Emma Boyle called the Homeboy Art Academy a “sanctuary for the children.” The students and faculty members were also impressed by the breath of educational programs offered through homeboys, ranging from parenting classes to workforce development courses that incorporated teaching “soft skills,” as well as job training.

“I am really grateful for this opportunity. It will provide real experience consulting with a major company, said Matthew Earley, Perkasie, a senior finance major, member of the McKeage Business Leadership Honors Program and Presidential Scholarship recipient. “I’ve gotten a hands-on look at the process of consulting and a look at the skills that are needed in that field. It was also an eye-opening experience to hear so many tremendous stories of how people turned their lives around that I now have a new perspective in that regard.”

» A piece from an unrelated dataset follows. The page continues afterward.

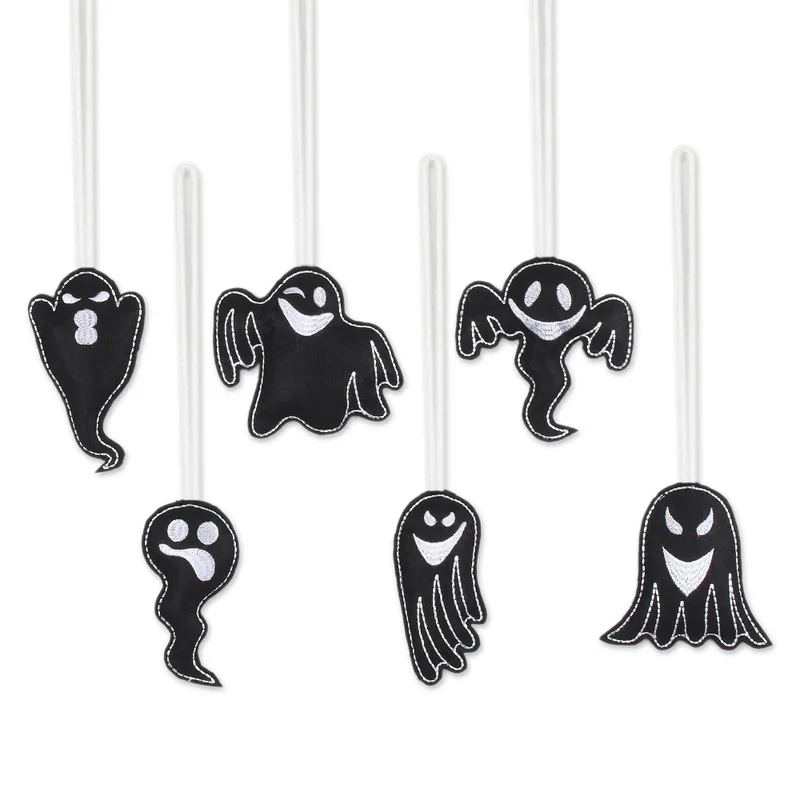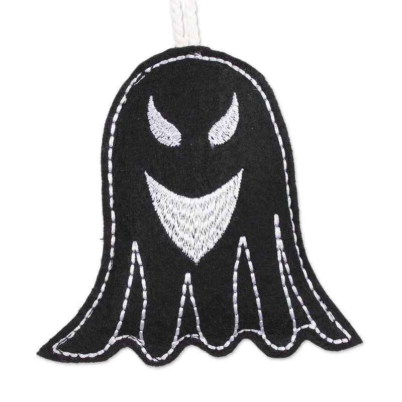 For a spooky addition to your home this Halloween, this set of six ornaments is presented by Asha Prabha in India. Six ghosts in various shapes, sizes, and expressions are made of black wool felt, accented with white embroidery. This set comes with a handy storage pouch.

 “The visit to Homeboy has given me a new perspective on my career and the career path I want to take to utilize my skills to help others in any way I can,” said Emma Boyle, an accounting major from Peckville.

Other students participating with this project through the McKeage Business Leadership Honors Program Consulting Theory and Practice course are:

Owen P. Ascher, Garden City, New York, an accounting and finance major;

Thomas J. Csehovics, Fair Lawn, New Jersey, a finance major;

Joshua T. DeMarco, Hillsdale, New Jersey, a business analytics major;

Jillian D. Heier, Mickleton, New Jersey, an accounting major;

Jessica M. Hook, Barto, a marketing major;

Jordyn S. Lieber, Edison, New Jersey, a business administration major;

Francis J. Lynch, Richboro, an electrical engineering major;

Aiden P. Messett, Throop, a finance major;

Kayleigh S. Olszewski, Conshohocken, an accounting and finance double major;

Claudia Pitts ’22, Scranton, who is pursuing a master of accountancy;

Jennifer R. Rossiter, Jenkintown, a finance major;

Thomas A. Yager, Randolph, New Jersey, an accounting major.

The University of Scranton’s McKeage Business Leadership Honors Program, which is one of Scranton’s programs of excellence. Students in this highly-selective program explore the basic theories and concepts of leadership through special seminars and courses in management, ethics, strategy and analysis, in addition to field trips to learn from top executives and projects in leadership, service and mentoring.